(Given information begins)
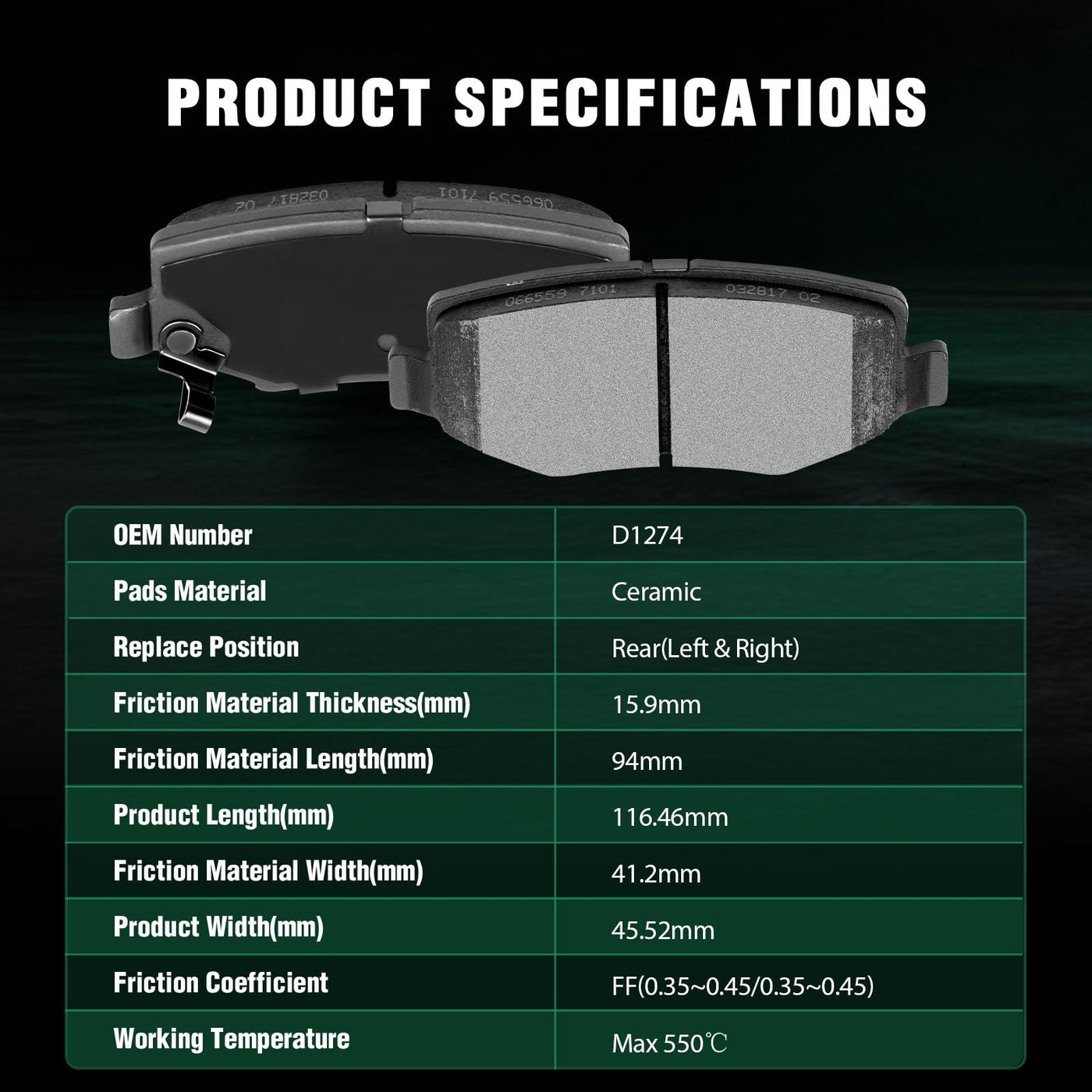 Automuto 4Pcs Rear Ceramic Disc Brake Pads Set D1274 For Dodge Nitro 2007-2011, For Jeep Liberty 2008-2012, Jeep Wrangler 2007-2
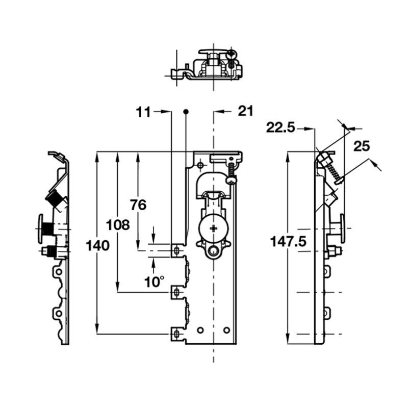 - Gắn vào các mặt bên tủ bằng cách tạo lỗ khoan 4 mặt và cố định bằng cách xoay chốt khóa có đường vân 180°
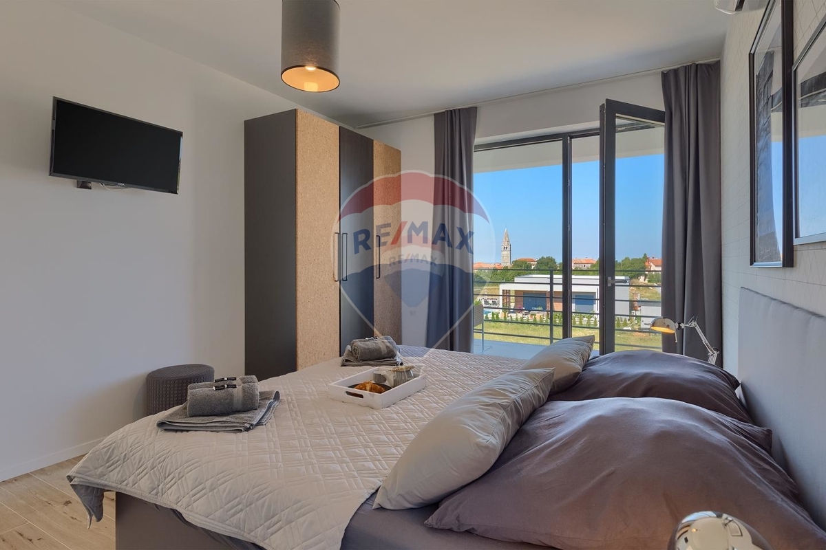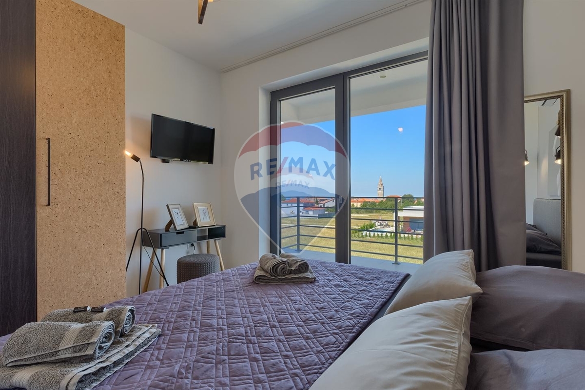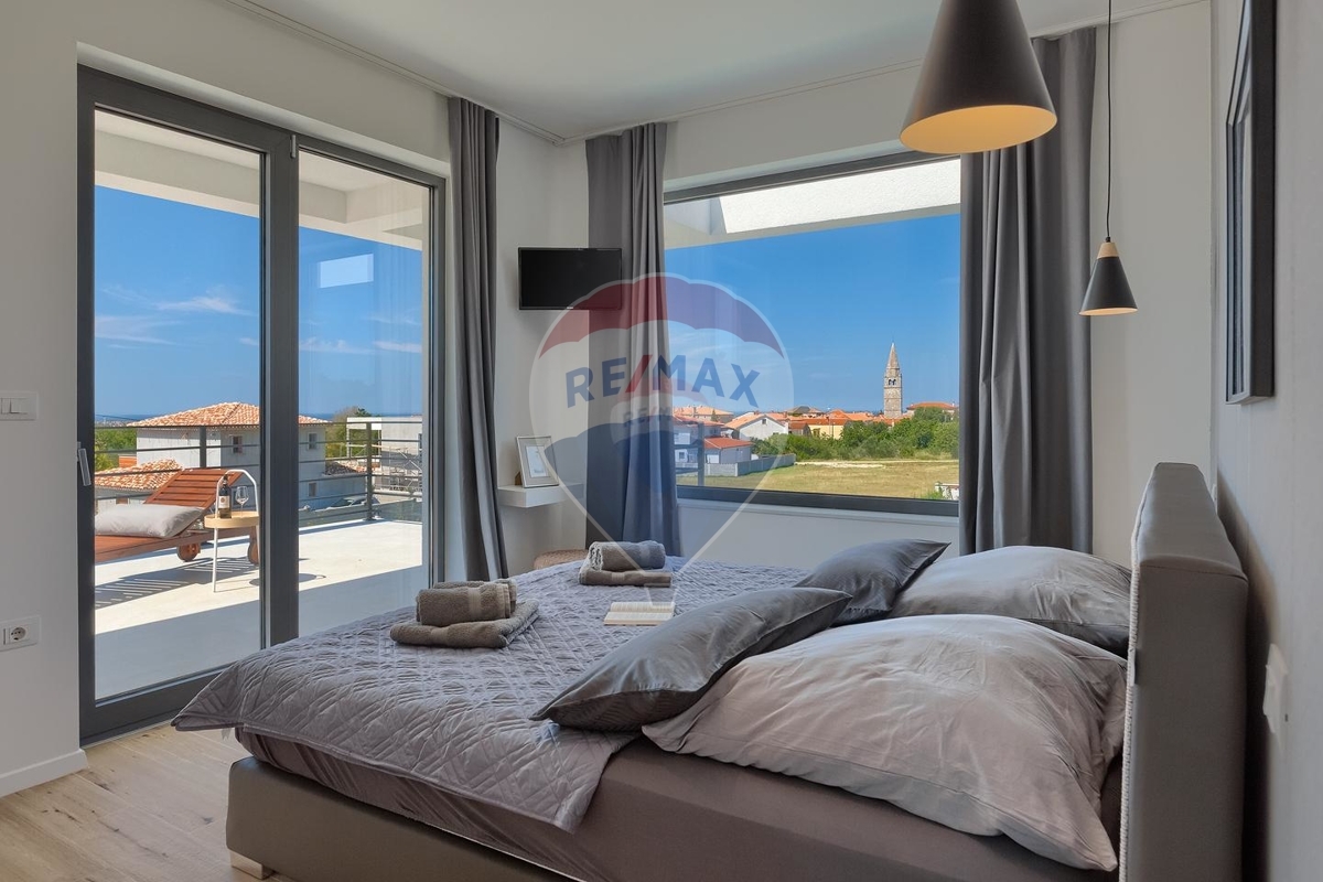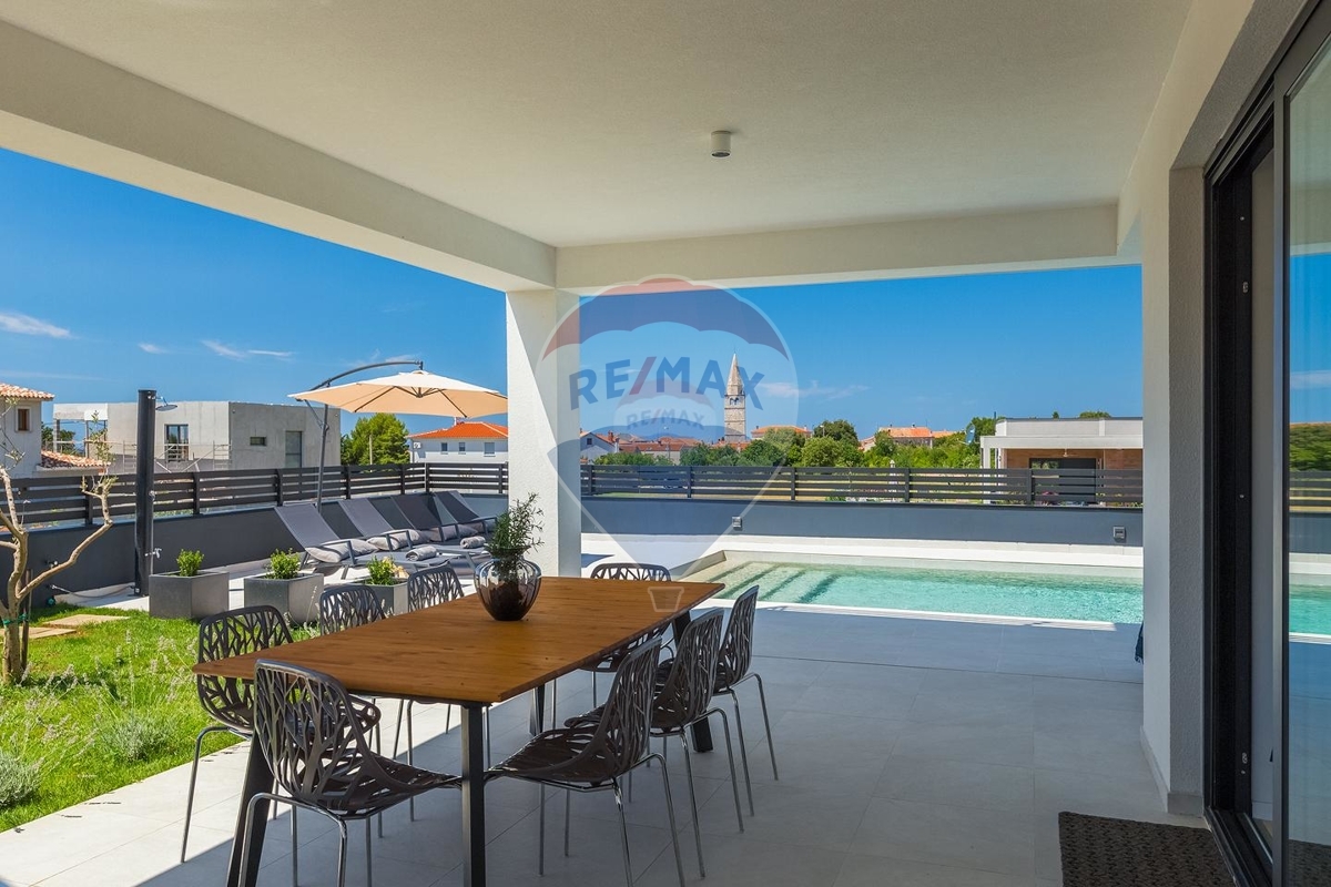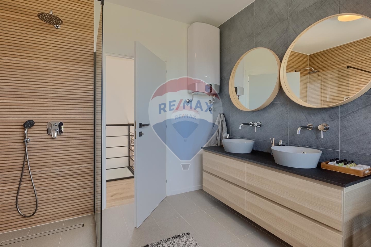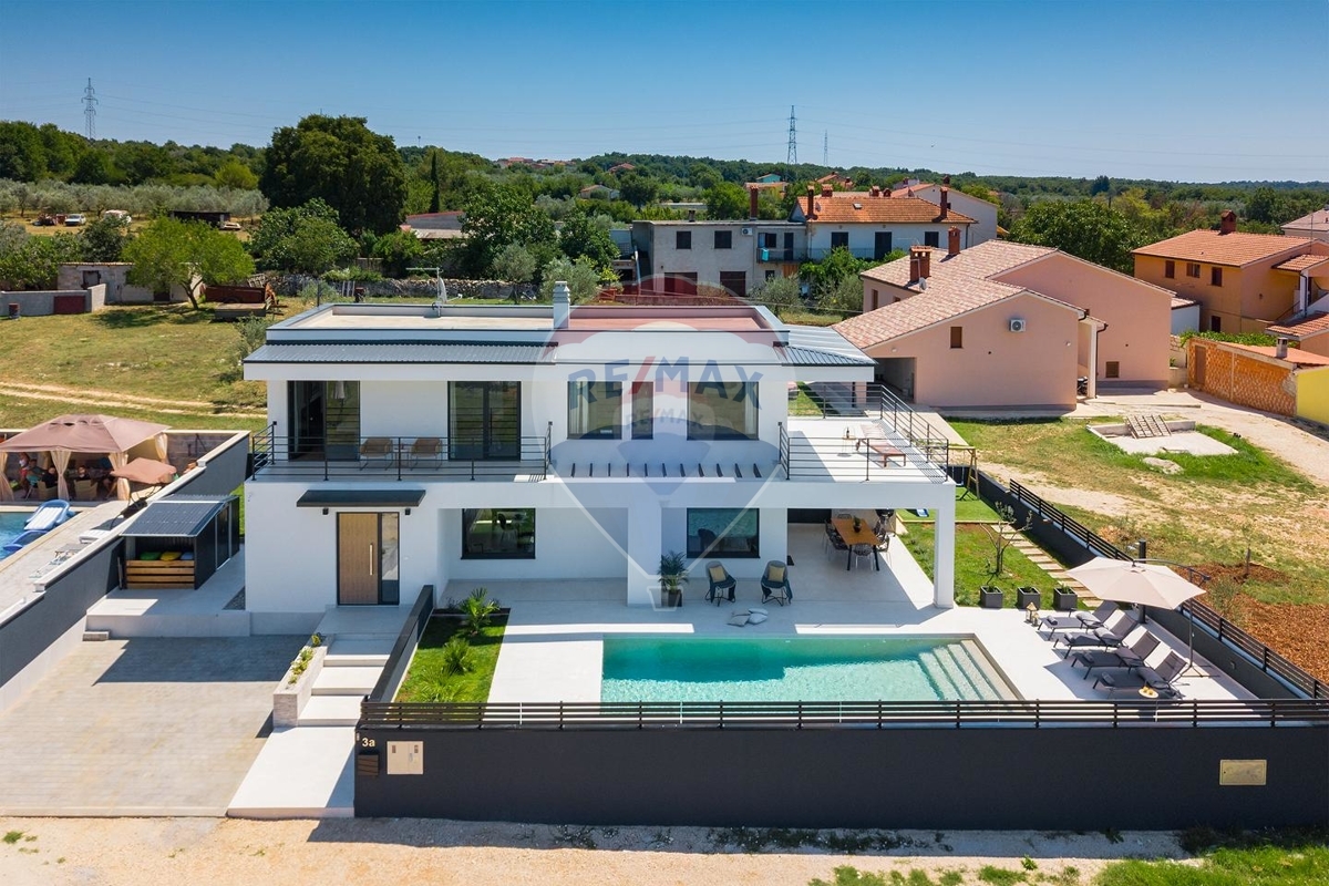 Diese neue Villa besticht mit ihrer stilvollen und zugleich gemütlichen Einrichtung. Sie befindet sich an einer perfekten Mikrolage: In der Nähe von Pula, nur 7 km von charmanten Fischerort Fažana und den schönen Stränden entfernt. Die Altstadt von Vodnjan ist um die Ecke und bietet genügend Infrastruktur.Im Erdgeschoss erwartet Sie ein geräumiges, offenes Wohnzimmer, mit Küche und Essbereich. Ein kleines Bad mit Toilette befindet sich auch auf dieser Etage. Vom Wohnzimmer aus gelangt man auf eine überdachte Terrasse mit Sommerküche, mit Blick auf den Pool und die Umgebung von Galižana.
(Given information ends)
[Problem to work on]
The answer should contain all the material above, copied exactly, and no images.

[Response box]
 Automuto 4Pcs Rear Ceramic Disc Brake Pads Set D1274 For Dodge Nitro 2007-2011, For Jeep Liberty 2008-2012, Jeep Wrangler 2007-2
 - Gắn vào các mặt bên tủ bằng cách tạo lỗ khoan 4 mặt và cố định bằng cách xoay chốt khóa có đường vân 180°
 Diese neue Villa besticht mit ihrer stilvollen und zugleich gemütlichen Einrichtung. Sie befindet sich an einer perfekten Mikrolage: In der Nähe von Pula, nur 7 km von charmanten Fischerort Fažana und den schönen Stränden entfernt. Die Altstadt von Vodnjan ist um die Ecke und bietet genügend Infrastruktur.Im Erdgeschoss erwartet Sie ein geräumiges, offenes Wohnzimmer, mit Küche und Essbereich. Ein kleines Bad mit Toilette befindet sich auch auf dieser Etage. Vom Wohnzimmer aus gelangt man auf eine überdachte Terrasse mit Sommerküche, mit Blick auf den Pool und die Umgebung von Galižana.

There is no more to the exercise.